Methylene chloride waste is considered hazardous under the federal Resource Conservation and Recovery Act (RCRA) and many state laws.  The waste must be stored, transported, and disposed of in accordance with applicable RCRA and state requirements.

The reportable quantity (RQ) for releases of methylene chloride under the Comprehensive Environmental Response, Compensation, and Liability Act (CERCLA or Superfund) is 1,000 pounds.  Methylene chloride is one of several hundred chemicals subject to the material safety data sheet (MSDS), inventory, and release reporting requirements of the Emergency Planning and Community Right-to-Know Act (Title III of the Superfund Amendments and Reauthorization Act of 1986).

OSHA’s permissible exposure limits (PELs) for methylene chloride are 25 ppm as an 8-hour, time-weighted average (TWA) and 125 ppm as a short-term exposure limit (STEL).  OSHA’s comprehensive standard for the solvent also requires medical surveillance and contains a number of other ancillary provisions.

The Consumer Product Safety Commission has issued a Statement of Interpretation and Enforcement Policy for household products containing methylene chloride that establishes labeling guidance for these products under the Federal Hazardous Substances Act.  In addition, the use of methylene chloride in cosmetic products and as a decaffeinating agent is restricted by the Food and Drug Administration.

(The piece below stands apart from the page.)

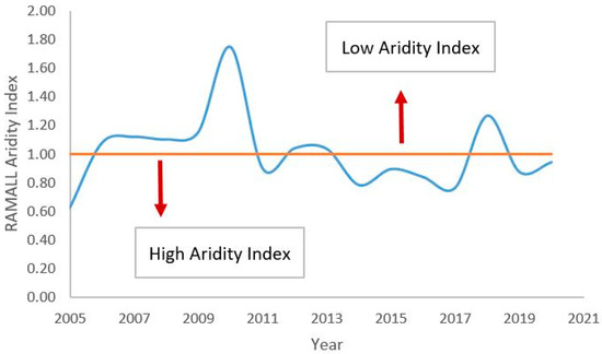 Figure 8, the RAMALL aridity index presented mean values of 1.05 (low aridity index) between 2005 and 2015 and 0.94 (high aridity index) between 2016 and 2020.

HSIA does not recommend the use of methylene chloride in any application, including cold cleaning, unless all applicable workplace and disposal and other environmental regulatory requirements are met.  In addition to complying with these various regulatory requirements, many prudent operators of cleaning and other equipment have elected to adopt practices and standards for the use, management, and disposal of methylene chloride and waste containing methylene chloride that go beyond strict legal requirements.  These operators recognize that environmental protection is their responsibility.  They also understand that they are potentially liable for environmental contamination that can be traced to their solvent waste, whether at their own plant or elsewhere, regardless of the fact that they may have complied with the letter of the law.  These operators recognize that additional measures that go "beyond compliance" make good business sense because they minimize the risks of liability that arise when methylene chloride is released to the environment.